# Problem details
The entries below contain a stretch that opens with the line containing "De analist laat" and closes with the line containing "som täckte badrumsgolvet."; set down that stretch exactly, both ends included, and nothing else.

# Records for the task
########
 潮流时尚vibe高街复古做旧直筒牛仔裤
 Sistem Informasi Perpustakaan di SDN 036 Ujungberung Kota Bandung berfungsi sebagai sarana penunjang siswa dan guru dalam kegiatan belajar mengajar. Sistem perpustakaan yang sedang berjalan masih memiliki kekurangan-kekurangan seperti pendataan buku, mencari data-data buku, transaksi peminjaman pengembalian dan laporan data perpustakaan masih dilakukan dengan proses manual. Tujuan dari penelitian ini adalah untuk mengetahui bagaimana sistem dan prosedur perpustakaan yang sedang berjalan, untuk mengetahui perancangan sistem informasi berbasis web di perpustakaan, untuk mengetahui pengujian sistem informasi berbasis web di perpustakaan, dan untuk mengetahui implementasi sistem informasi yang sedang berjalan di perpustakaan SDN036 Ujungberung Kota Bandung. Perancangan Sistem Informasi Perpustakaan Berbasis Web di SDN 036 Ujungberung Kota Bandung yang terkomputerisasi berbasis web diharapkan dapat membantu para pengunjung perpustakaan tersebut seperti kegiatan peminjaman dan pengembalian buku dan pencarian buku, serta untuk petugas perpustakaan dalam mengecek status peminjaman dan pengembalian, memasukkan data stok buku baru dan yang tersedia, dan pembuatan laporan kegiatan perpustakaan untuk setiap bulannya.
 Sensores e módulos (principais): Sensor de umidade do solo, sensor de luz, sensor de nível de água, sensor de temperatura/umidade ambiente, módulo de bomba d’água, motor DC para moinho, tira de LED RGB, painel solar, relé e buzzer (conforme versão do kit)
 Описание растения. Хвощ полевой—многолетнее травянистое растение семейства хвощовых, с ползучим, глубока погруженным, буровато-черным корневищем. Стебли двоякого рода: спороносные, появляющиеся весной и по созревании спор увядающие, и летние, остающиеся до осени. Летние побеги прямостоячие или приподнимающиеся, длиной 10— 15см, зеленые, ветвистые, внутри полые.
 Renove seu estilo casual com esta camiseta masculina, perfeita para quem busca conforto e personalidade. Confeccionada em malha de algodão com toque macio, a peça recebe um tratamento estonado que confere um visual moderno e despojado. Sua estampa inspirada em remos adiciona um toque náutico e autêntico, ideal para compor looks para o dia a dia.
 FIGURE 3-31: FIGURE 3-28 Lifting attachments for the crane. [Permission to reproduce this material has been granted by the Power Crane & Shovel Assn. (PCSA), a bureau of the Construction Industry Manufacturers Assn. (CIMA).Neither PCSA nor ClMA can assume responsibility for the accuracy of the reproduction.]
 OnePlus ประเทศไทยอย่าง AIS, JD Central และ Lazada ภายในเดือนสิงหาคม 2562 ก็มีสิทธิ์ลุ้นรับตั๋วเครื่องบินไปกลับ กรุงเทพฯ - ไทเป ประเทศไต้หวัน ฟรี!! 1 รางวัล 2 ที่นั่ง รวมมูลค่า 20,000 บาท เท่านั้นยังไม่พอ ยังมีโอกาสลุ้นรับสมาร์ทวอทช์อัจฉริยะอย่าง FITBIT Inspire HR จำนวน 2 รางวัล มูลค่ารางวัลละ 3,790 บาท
########
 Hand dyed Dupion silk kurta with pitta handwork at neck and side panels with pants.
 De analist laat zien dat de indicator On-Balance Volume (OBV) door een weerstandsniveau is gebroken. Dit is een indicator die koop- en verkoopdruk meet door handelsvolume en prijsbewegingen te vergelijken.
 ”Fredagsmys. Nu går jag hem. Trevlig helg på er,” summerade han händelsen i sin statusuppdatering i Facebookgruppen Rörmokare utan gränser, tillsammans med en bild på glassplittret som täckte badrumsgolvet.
########
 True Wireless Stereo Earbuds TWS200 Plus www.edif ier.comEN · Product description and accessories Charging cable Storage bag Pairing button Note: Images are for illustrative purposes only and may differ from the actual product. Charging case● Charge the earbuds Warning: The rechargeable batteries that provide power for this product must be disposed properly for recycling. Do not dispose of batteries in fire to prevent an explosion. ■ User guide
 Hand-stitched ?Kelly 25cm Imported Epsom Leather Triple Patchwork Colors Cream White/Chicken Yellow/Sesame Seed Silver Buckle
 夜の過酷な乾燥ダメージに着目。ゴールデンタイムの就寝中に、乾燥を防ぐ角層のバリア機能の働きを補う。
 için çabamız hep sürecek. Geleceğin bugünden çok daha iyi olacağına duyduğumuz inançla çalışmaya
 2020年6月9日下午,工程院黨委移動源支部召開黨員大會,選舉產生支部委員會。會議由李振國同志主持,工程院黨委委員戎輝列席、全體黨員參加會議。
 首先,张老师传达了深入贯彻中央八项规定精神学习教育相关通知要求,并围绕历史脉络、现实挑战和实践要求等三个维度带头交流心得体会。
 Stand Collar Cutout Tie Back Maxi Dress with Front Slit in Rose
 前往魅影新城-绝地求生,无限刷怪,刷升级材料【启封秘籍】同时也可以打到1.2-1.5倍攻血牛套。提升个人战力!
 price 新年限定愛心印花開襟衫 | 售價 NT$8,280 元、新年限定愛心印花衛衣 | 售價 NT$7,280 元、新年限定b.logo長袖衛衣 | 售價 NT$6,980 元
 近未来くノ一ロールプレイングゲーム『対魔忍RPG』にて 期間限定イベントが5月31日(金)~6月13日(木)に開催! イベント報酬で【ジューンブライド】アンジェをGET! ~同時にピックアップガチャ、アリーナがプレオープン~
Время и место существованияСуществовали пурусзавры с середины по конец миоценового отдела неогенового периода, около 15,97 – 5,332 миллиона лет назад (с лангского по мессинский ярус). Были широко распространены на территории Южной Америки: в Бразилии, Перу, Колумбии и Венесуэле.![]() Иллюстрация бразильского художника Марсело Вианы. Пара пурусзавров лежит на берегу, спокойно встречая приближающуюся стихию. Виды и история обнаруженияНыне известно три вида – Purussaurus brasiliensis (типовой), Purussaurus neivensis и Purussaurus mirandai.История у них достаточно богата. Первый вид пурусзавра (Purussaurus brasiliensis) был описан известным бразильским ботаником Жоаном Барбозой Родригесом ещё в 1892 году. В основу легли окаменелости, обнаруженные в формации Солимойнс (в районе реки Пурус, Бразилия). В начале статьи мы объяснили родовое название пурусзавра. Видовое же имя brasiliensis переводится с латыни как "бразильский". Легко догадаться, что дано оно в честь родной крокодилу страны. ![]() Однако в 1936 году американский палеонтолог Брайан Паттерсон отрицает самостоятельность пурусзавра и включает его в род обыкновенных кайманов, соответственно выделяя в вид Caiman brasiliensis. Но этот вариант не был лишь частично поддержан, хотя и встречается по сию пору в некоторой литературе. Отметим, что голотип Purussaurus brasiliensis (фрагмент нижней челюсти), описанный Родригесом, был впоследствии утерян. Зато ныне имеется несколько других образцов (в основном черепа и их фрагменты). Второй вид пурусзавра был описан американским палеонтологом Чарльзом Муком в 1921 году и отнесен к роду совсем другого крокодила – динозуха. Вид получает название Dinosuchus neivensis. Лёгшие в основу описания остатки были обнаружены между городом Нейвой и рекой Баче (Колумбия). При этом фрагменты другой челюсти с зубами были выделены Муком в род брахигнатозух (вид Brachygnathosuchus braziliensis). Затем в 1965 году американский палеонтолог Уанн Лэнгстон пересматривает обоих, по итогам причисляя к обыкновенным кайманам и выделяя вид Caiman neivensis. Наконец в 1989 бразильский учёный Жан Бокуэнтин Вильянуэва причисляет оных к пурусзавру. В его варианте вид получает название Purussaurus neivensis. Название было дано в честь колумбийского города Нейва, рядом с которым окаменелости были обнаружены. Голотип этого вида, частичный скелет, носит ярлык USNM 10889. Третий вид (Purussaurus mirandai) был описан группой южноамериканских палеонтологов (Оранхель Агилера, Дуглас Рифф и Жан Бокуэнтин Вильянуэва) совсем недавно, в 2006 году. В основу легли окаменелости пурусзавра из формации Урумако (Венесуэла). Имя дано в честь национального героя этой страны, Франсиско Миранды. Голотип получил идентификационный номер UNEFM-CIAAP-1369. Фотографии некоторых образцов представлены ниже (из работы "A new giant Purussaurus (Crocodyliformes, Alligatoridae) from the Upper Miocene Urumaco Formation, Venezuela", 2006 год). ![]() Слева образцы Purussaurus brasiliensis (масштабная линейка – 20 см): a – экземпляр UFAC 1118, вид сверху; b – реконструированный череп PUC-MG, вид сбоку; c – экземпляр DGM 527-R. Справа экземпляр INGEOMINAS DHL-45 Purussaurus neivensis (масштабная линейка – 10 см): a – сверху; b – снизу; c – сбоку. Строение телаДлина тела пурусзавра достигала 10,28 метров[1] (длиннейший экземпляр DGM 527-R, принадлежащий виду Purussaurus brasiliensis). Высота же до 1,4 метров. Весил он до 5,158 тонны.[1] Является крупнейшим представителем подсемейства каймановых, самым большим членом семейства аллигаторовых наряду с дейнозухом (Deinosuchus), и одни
########
# Response for this exercise
 De analist laat zien dat de indicator On-Balance Volume (OBV) door een weerstandsniveau is gebroken. Dit is een indicator die koop- en verkoopdruk meet door handelsvolume en prijsbewegingen te vergelijken.
 ”Fredagsmys. Nu går jag hem. Trevlig helg på er,” summerade han händelsen i sin statusuppdatering i Facebookgruppen Rörmokare utan gränser, tillsammans med en bild på glassplittret som täckte badrumsgolvet.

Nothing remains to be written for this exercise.